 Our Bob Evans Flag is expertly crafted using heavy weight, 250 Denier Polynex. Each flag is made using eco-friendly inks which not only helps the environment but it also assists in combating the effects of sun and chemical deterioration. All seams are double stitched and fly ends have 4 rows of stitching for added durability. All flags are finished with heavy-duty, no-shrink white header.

◇ ◇ ◇ ◇

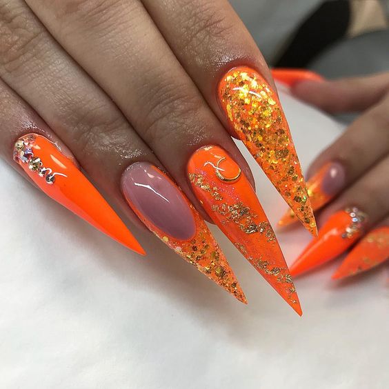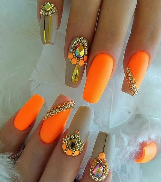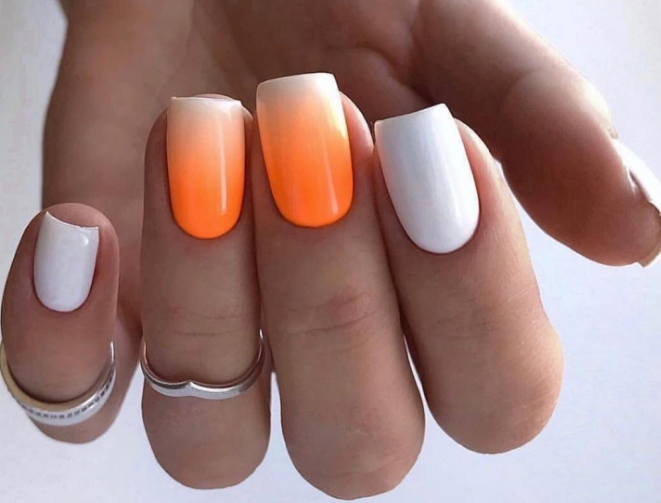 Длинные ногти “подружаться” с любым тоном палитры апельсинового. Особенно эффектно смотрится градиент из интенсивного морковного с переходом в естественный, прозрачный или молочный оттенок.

◇ ◇ ◇ ◇

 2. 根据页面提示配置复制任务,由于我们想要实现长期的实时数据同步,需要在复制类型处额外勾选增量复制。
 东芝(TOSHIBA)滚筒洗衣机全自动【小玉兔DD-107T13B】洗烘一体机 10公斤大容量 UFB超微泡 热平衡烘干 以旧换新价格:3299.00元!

◇ ◇ ◇ ◇

■ Exercise description:
Your answer should be the lines above from the one containing "2. 根据页面提示配置复制任" through the one containing "东芝(TOSHIBA)滚筒洗衣机全自动【小玉兔DD-107T13B】洗烘一体机 10公斤大容量 UFB超微泡", copied exactly and with both ends kept.

■ Solution to this problem:
 2. 根据页面提示配置复制任务,由于我们想要实现长期的实时数据同步,需要在复制类型处额外勾选增量复制。
 东芝(TOSHIBA)滚筒洗衣机全自动【小玉兔DD-107T13B】洗烘一体机 10公斤大容量 UFB超微泡 热平衡烘干 以旧换新价格:3299.00元!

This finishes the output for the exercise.